Friday, October 30, 2009

Window on Eurasia: Economic Crisis Puts Moscow, Russian Regions on Collision Course

Paul Goble

Vienna, October 30 – Moscow and Russia’s regions are now on a collision course, one in which the regions, in many cases devastated by the economic crisis, need more resources and authority to cope, are confronted by a central government which is further tightening control over revenues even as it holds regional leaders responsible for solving problems in their areas.
Most commentators on the situation in Russia have focused either on the problems of individual company towns – the so-called Pikalevo problem – or on the economic situation in the country as a whole. But statistics published by Russian state statistics administration yesterday highlight just how differently the economic crisis has hit different regions.
For the country as a whole, industrial production has fallen ten percent and per capita incomes four to five percent over the last year, but these figures conceal as much as they reveal, an article in “Nezavisimaya gazeta” points out, regarding “the serious consequences of the crisis in Russia’s regions” (www.ng.ru/economics/2009-10-30/1_crisis.html).
In many oblasts, the statistics administration said, the monetary incomes of people have declined “more than 20 percent, retail trade has fallen “15 percent or more, industrial production has fallen 25 percent, and “electricity use – the most reliable indicator of economic activity has fallen in a number of industrial oblasts 30 percent or more.”
Among the federal subjects which have suffered the most from the economic crisis, “Nezavisimaya” reports on the basis of the Rosstat figures, are Ivanovo, Vologda, Kemerovo, Kostroma, Yaroslavl, Vladimir and Tomsk oblasts, and the Yamalo-Nenets and Khanty-Mansiisk autonomous districts.
Such variations, experts tell the Moscow paper, “require a broadening of the authority and resources of local governments, but the federal powers that be are tightening financial centralization, in this way depriving the regions of the stimuli needed for the realization of individual anti-crisis programs.”
Indeed, these experts say that they “do not believe that a single set of anti-crisis measures, dictated from the federal Center will give the desired results.
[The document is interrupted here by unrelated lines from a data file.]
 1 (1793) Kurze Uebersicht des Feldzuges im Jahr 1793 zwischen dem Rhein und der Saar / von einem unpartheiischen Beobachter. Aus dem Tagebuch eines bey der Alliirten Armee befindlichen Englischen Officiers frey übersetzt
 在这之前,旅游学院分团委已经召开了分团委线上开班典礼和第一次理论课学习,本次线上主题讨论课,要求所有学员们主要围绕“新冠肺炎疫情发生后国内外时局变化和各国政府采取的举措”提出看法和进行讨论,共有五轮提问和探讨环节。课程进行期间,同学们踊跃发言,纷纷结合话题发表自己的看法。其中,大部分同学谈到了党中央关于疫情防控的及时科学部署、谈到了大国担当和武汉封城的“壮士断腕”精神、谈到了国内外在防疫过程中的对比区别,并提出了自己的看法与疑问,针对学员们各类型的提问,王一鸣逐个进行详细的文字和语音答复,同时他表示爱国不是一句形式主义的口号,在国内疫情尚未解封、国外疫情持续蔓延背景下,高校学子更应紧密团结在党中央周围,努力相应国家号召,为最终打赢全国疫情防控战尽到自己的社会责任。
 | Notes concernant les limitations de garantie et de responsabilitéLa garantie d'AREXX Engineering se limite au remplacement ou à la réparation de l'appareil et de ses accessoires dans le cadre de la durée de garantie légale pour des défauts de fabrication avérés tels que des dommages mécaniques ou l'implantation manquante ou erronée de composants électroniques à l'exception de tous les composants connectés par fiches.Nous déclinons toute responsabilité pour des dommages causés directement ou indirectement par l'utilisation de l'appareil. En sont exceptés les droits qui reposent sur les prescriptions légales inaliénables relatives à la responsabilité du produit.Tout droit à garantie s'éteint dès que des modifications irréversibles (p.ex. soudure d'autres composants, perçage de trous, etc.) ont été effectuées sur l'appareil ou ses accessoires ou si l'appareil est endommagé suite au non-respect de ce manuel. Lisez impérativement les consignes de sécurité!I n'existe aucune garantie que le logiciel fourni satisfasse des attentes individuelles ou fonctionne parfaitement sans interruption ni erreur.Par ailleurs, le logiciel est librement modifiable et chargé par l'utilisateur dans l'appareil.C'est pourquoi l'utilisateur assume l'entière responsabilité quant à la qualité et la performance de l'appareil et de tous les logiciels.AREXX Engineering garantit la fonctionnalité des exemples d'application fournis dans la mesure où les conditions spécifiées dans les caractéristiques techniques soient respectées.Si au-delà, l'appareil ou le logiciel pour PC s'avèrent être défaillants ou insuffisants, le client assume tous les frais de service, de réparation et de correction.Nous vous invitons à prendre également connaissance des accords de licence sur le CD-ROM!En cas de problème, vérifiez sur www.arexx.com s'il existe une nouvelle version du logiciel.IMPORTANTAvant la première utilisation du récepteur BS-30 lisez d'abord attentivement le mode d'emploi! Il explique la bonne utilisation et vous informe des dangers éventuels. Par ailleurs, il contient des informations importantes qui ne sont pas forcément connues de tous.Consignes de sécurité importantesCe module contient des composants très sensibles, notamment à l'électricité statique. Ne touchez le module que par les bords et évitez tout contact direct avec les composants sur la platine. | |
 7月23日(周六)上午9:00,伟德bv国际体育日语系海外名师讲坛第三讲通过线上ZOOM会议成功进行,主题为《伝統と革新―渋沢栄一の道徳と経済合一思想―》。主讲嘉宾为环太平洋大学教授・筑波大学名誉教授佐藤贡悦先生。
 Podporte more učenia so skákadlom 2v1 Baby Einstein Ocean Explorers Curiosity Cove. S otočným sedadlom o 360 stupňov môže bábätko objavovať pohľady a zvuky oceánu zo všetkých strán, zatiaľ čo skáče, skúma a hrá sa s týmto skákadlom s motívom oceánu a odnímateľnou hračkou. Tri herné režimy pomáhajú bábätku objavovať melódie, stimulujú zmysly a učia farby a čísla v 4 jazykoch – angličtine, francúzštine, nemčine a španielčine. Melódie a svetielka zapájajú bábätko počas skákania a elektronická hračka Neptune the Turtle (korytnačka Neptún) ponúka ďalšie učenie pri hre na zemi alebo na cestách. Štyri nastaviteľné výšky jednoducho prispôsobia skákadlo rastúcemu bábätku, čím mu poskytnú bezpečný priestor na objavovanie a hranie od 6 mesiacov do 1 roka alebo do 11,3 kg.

One reason for that is that regional leaders, given Moscow’s financial policies, have little incentive to increase production beyond what is necessary to keep things quiet.
According to Sergey Valentey, the head of the Center of the Economics of Federal Relations of the Moscow Institute of Economics, the central government’s approach sends a clear message to regional leaders, “the more you earn, the more [the powers that be in Moscow] will take away,” leaving the regional leaders and the regional populations in much the same place.
The specialists “Nezavisimaya” spoke with in preparing this article say that they do not expect either mass out-migration from the hardest hit regions, although Summy Telekom director Oleg Leonov said that “the arrival of the more dynamic and professional cadres in Moscow will likely continue,” another flow that will leave the regions still worse off.
Despite all this, the paper says, Russian sociologists “still do not expect mass organized protests.” Lyudmila Presnyakova of the Public Opinion Foundation said that most Russians are simply cutting back their expenditures rather than thinking about moving or taking part in protests to improve their situation.
But if the situation deteriorates or if protests in the company towns forces Moscow to send money and not just troops, such calculations could change, prompting regional elites to combine to demand an end to unfunded liabilities or regional populations to demonstrate against what “Nezavisimaya gazeta” describes as “a knockout blow” to those outside of the Russian capital.